1

I have uploaded my csv file in my Datastax Astra DB. The thing is why the data when it is uploaded, the rows gets unorganized or random. Say if in my csv the row id is like 1, 2, 3, ... Then when I am uploading this to my DB, it gets uploaded scrambled/rearranged say like row id 2, 1, 4, 5, 3 ... Due to this reason when I am requesting the data via http_methods in python, the data is also coming as it is stored i.e. unorganized way. Why is this happening ? And is there a way to solve this ?

Pritam Sinha
  • 309
  • 6
  • 11

2 Answers2

2

What it comes down to is how Cassandra stores your data. I’m assuming that you’re only defining a partition key within the primary key. The partition key is responsible for how the data is stored on the nodes in your cluster. If you want your data in a particular order then you’ll need to define the second part of the primary key, the clustering key.

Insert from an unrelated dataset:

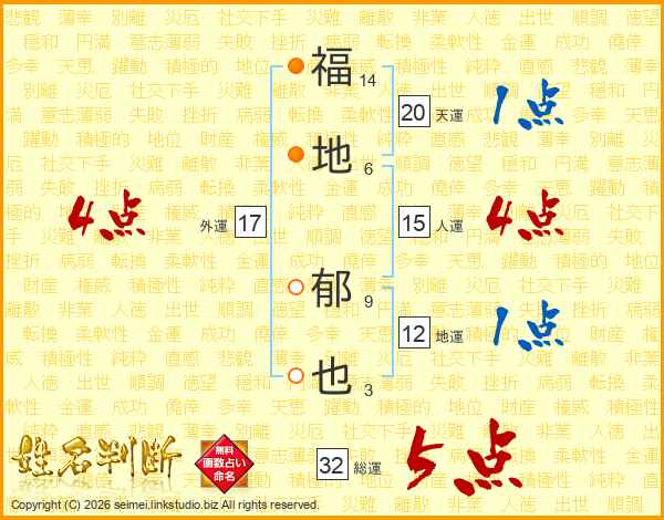 福地郁也さんの総運は32画の5点!

I’d suggest taking a look at this answer which gives an excellent explanation of ordering https://stackoverflow.com/a/35708544/13078421

dwettlaufer
  • 378
  • 1
  • 5
  • Hi @dwettlaufer. Thanks for the reply. I went through the link and the idea of primary key consisting of partition key and clustering key. I see in the link they uses 'dept' as partition key and 'empno.' as clustering key. Correct me if I am wrong. But for my problem, I want to set say 'Id' column as my partition key and also I want to order the row by 'Id' itself. I have columns ['Id', 'Sepallength', 'Sepalwidth', 'Petallength', 'Petalwidth', 'Species']. How can I do this ? Can I use same key as both, if not what is the workaround ? I am using astra.datastax load data to upload. – Pritam Sinha Oct 08 '21 at 15:09
2

Why is this happening ?

dwettlaufer's answer is spot-on, but I'll provide a visual representation to help with understanding just what's happening here:

> SELECT id,token(id),name FROM numbers ;

 id | system.token(id)     | name
----+----------------------+-------
  5 | -7509452495886106294 |  five
  1 | -4069959284402364209 |   one
  2 | -3248873570005575792 |   two
  4 | -2729420104000364805 |  four
  3 |  9010454139840013625 | three

(5 rows)

Data in Astra DB is stored in order by the hashed token value of the partition key. Because of the hash, numeric values are quite likely to be arranged in a different order.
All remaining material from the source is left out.